### Prompt
Repeat nothing but the lines below running from the one containing "Exercitationes anatomicae, de" to the one containing "프로필 하단 대시보드를". Keep both end lines.

### Provided material

==============================

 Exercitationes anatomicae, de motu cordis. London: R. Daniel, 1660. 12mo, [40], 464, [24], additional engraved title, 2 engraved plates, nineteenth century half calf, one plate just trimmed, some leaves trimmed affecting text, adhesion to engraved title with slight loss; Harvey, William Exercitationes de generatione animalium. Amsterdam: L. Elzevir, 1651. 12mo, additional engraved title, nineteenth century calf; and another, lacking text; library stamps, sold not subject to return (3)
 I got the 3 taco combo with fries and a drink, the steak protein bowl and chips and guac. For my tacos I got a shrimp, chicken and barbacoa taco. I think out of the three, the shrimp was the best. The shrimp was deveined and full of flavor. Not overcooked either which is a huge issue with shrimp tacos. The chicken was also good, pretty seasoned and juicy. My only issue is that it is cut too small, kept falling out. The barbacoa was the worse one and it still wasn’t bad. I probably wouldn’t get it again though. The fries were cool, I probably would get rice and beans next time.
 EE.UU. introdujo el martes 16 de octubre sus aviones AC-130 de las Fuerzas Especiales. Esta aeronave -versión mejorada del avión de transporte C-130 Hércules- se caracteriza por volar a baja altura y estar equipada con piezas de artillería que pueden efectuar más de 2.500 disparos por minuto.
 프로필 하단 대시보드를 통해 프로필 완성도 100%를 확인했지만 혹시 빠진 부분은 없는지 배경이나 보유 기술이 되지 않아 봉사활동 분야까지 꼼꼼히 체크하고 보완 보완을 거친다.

==============================

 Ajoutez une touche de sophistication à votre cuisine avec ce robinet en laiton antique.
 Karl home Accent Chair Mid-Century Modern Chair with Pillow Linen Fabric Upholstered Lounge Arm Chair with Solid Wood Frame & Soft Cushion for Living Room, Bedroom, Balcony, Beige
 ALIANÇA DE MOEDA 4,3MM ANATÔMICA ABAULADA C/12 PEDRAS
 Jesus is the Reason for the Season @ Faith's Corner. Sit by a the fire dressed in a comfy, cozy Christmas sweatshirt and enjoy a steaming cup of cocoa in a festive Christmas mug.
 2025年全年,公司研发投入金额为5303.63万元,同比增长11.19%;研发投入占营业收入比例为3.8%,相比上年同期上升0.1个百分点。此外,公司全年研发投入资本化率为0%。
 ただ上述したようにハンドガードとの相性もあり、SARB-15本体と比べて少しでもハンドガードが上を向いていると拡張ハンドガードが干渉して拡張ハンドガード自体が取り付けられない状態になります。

==============================

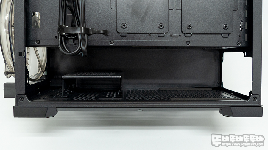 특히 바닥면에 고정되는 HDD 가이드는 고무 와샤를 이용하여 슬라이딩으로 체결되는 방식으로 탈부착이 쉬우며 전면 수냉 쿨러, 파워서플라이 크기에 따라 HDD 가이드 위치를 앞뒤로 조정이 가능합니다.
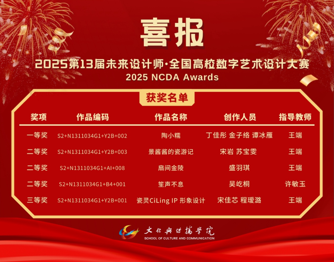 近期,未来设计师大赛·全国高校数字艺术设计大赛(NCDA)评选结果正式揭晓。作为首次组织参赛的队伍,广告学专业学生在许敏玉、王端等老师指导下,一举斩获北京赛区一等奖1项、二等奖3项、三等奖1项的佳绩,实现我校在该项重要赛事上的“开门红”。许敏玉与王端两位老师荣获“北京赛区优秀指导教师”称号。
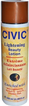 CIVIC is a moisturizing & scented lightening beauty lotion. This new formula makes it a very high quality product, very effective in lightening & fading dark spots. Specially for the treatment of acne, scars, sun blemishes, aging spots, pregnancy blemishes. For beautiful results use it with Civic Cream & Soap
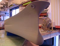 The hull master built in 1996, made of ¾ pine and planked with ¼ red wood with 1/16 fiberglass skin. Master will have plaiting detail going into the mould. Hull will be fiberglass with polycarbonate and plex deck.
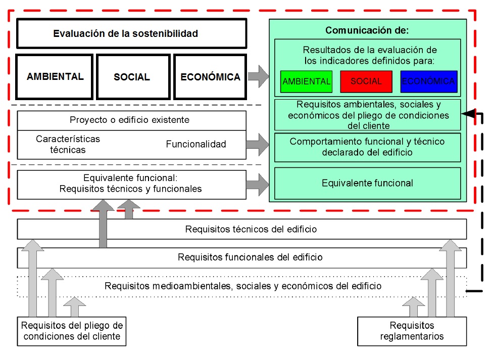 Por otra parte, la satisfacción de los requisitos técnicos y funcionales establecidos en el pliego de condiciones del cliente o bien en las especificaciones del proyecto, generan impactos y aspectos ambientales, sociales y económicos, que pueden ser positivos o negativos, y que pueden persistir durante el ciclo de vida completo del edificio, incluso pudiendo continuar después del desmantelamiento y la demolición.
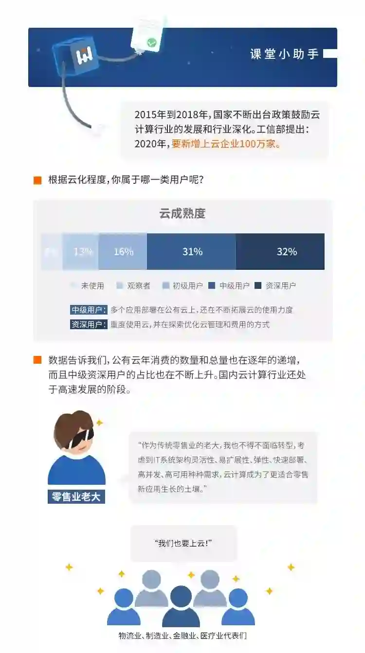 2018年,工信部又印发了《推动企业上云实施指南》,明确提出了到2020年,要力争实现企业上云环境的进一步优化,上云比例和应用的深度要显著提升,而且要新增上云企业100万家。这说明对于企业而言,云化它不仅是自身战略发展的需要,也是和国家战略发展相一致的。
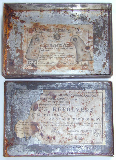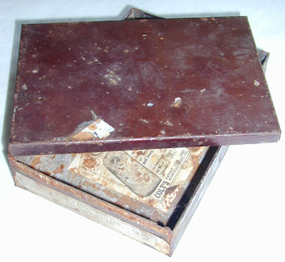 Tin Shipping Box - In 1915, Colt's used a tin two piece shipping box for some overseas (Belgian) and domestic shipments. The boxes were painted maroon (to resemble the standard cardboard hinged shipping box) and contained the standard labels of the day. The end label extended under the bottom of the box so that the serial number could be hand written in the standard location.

==============================

### Task output
 Exercitationes anatomicae, de motu cordis. London: R. Daniel, 1660. 12mo, [40], 464, [24], additional engraved title, 2 engraved plates, nineteenth century half calf, one plate just trimmed, some leaves trimmed affecting text, adhesion to engraved title with slight loss; Harvey, William Exercitationes de generatione animalium. Amsterdam: L. Elzevir, 1651. 12mo, additional engraved title, nineteenth century calf; and another, lacking text; library stamps, sold not subject to return (3)
 I got the 3 taco combo with fries and a drink, the steak protein bowl and chips and guac. For my tacos I got a shrimp, chicken and barbacoa taco. I think out of the three, the shrimp was the best. The shrimp was deveined and full of flavor. Not overcooked either which is a huge issue with shrimp tacos. The chicken was also good, pretty seasoned and juicy. My only issue is that it is cut too small, kept falling out. The barbacoa was the worse one and it still wasn’t bad. I probably wouldn’t get it again though. The fries were cool, I probably would get rice and beans next time.
 EE.UU. introdujo el martes 16 de octubre sus aviones AC-130 de las Fuerzas Especiales. Esta aeronave -versión mejorada del avión de transporte C-130 Hércules- se caracteriza por volar a baja altura y estar equipada con piezas de artillería que pueden efectuar más de 2.500 disparos por minuto.
 프로필 하단 대시보드를 통해 프로필 완성도 100%를 확인했지만 혹시 빠진 부분은 없는지 배경이나 보유 기술이 되지 않아 봉사활동 분야까지 꼼꼼히 체크하고 보완 보완을 거친다.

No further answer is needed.